It seems only apt that a genre that asks of its readers that they suspend their disbelief some (actually, a lot) often deals with subjects related to faith. A few previous editions of CF have dealt with how several graphic novels, especially those whose plots are a trifle fantastic, are road books that involve a quest.

Apart from the physical aspects (most involve a search for something, someplace, or someone), most quests are also journeys in search of faith. Unbelievers become believers. And believers realize that they have all along believed in the wrong things.

American Virgin: A mix of sex violence

Preacher, that ultra-violent work of Garth Ennis, is one such, and it could, despite its vintage, emerge as the subject of a future CF column.

Osama Tezuka’s Ode to Kirihito, the subject of last week’s CF, is another graphic novel that involves a journey and a quest for faith.

And Max Allen Collins’ Road to Perdition books (again, these have been the subject of a previous edition of this column) tell the story of a journey.

Steven T Seagle’s and Becky Cloonan’s American Virgin is a graphic novel series in the same spirit.

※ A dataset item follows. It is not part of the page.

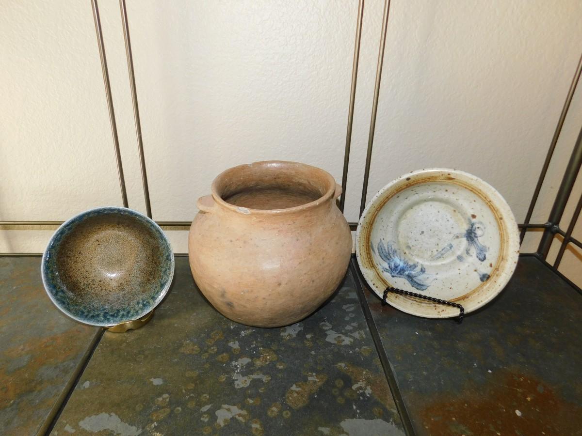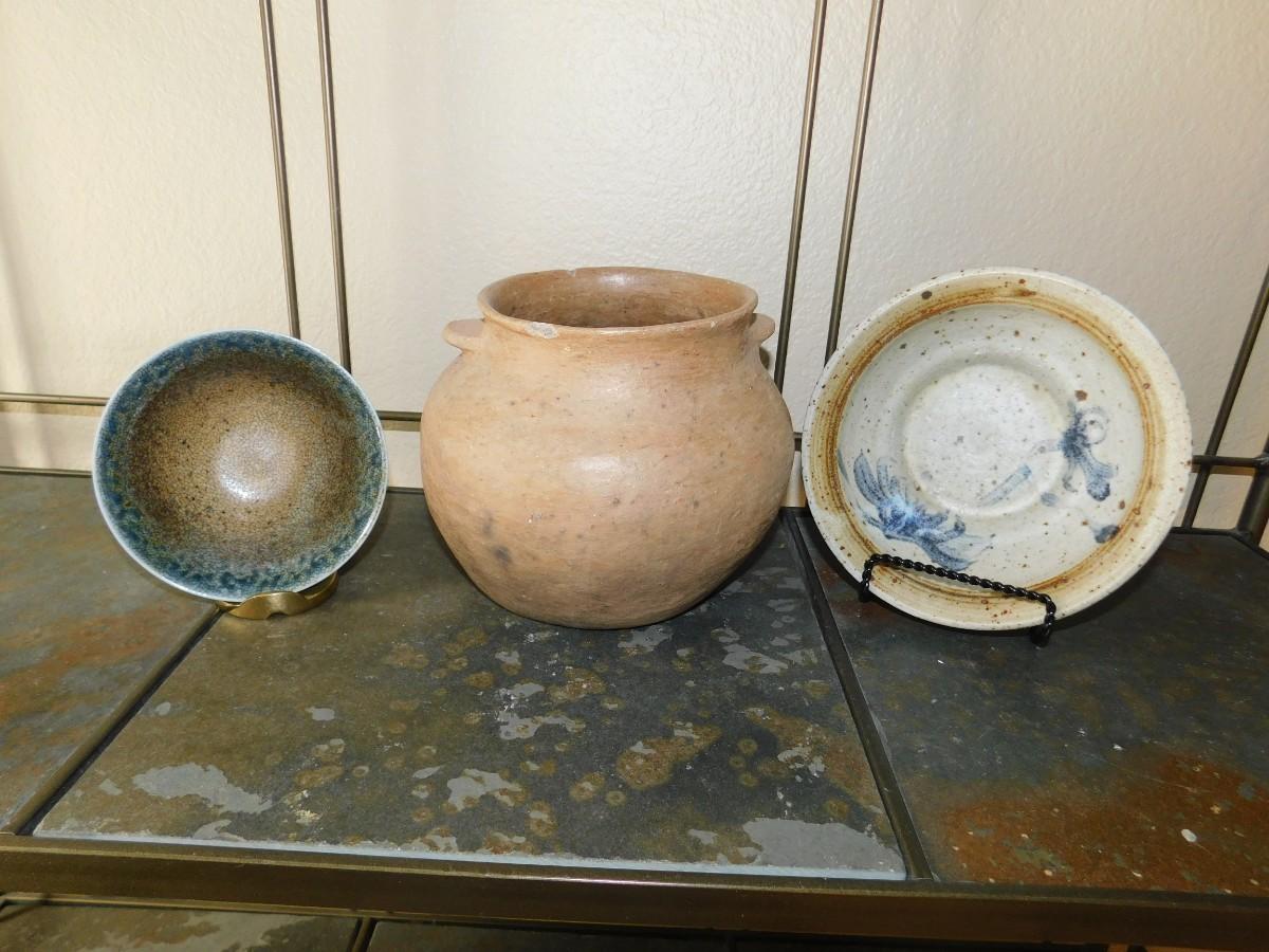 VERY OLD INDIAN POT, SIGNED DISH AND NEAT LITTLE BOWL

The first Seagle I read was It’s a Bird, a unique Superman story in which the man of steel doesn’t really make an appearance.

American Virgin isn’t as radical as that, but in its own ways it is a revolutionary graphic novel that mixes sex, violence and religion in equal measure to pose a larger question of faith.

It is about a young evangelist of sorts, Adam Chamberlain, a virgin who is “keeping" himself for his fiancee, an aid worker in Africa; the fiancee, who it turns out hasn’t really been keeping herself for Adam, is raped and then butchered by some terrorists in Africa. With his half-sister and an Australian mercenary, Adam gives chase. He is still a believer, only he isn’t very sure what he believes in.

Cloonan’s illustrations, especially the cover art, are downright psychedelic in parts, but that’s just right for a book on as nebulous a subject as faith.

American Virgin is a young comic and I’d guess that we are about a fifth into its telling. I have no idea what Seagle has in mind for Adam or how the book will move on from where it is now. What I do know is that Seagle has already managed to capture, through Adam and in him, the amalgam of paranoia, jealousy, avarice, lust, and doubt that often goes for faith these days.

As for me, like all good comic book fans, I believe in Batman.